What "menu files" do you mean? 

Do you mean the "menuentry files", that
usually reside in /usr/lib/menu? In that case, you are wrong, as
update-menus, when started by a user, already reads ~/.menu (the
user menuentryfiles), and then /etc/menu and /usr/lib/menu, and
/usr/lib/menu/default. (and menuentry files that are read first
take presidence). Please read the docs. (/usr/doc/menu/html/*).

Or do you mean "menu- generated files", like system.fvwm2rc etc.
Also in that case you are wrong, as update-menu only runs the
scripts in ~/.menu-method, and not the ones in /etc/menu-method/.
So the user can choose what scripts to re-run and what not.



> Going further, it would be nice if we could have update-menus run only
> when the relevant menu has been modified on the system level, more
> recently than on user level.  That would signicantly reduce the CPU
> load dedicated to menu-generation.

Unfortunately, that is not possible. At least not with something that
is as complex as generating menufiles for _all_ available Window-Managers
and even www stuff. Some of those wm's want first the submenus, then the
rest, some what it the other way around. I'd have to parse those file, that
all have completely different structures, to see where to add/remove a
line. And, still, I'd have to parse the whole file (no, the world is
bigger than just fvwm2. That's about the only one that can even read in
extra files (like #include) in it's system.fvwm2rc, but also here it's
really difficult to build it the way you seem to think is easy).



> This could be achieved by using a set of one time-stamps per
> (sub-)menu on system level, and one time-stamp per
> user-level-generated (sub-)menu.

Checking what menuentry files are changed is _easy_. I used to even do
this in older versions of menu, that actually tried to accomplish something
like what you do. But even for the much simpler system then, the cache
files kept running out of sync. It was really difficult (nay, impossible)
to keep those cache files in order -- I don't really remember all the
details of it, but the bottum line was: don't create cache files.

It just doesn't work, and, the way I see it, is actually not going to
save you as much as you think. Actually, I think that even fvmw2 (the
only one that can even do what you want) would slow down on startup
significantly if you start to put every submenu (there are _many_!) in
a different file. All those different submenu-files have to be read
on _every_ startup. Not very good.


> I think of using something like menu files with "needs=login-shell",
> and bash/tcsh/whatever providing methods to handle this. 

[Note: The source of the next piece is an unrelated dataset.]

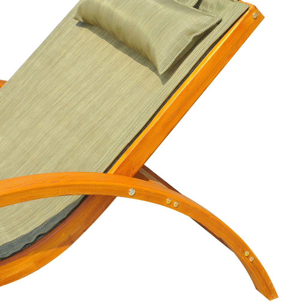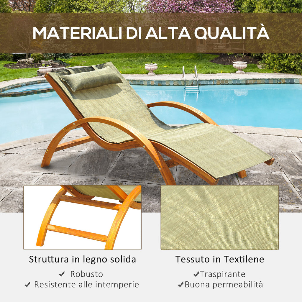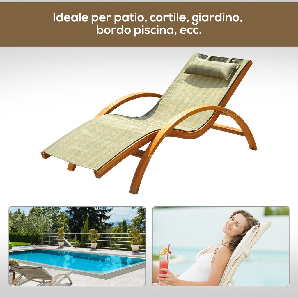 Lettino Prendisole Ergonomico in Legno con Materassino e Poggiatesta Marrone

This I don't quite understand. Would the "login-shell" ask for a passwd?
If so, how does a not-yet-logged-on user specify that he wants to
actually run that menuentry?

> With a bit
> of work, setting variables would work too, and we could then allow
> programs to be globally configured using environment vars, which we
> can't (and is AFAIK forbidden, maybe because we don't have such a
> mechanism) for now.

More like it's better to make sure the programs run properly without
the environment vars. Setting all those environment vars in /etc/profile
(or wherever) takes time, and if 1000 packages start to do this, I
will not be able to logon any more on my system.
(that is, if 1000 packages do it properly, i.e. in their own file.).



-- 
joost witteveen, joostje@debian.org

Potentially offensive files, part 5: /dev/random.
`head -c 4 /dev/random` may print 4-letter words (once every approx 4e8 tries).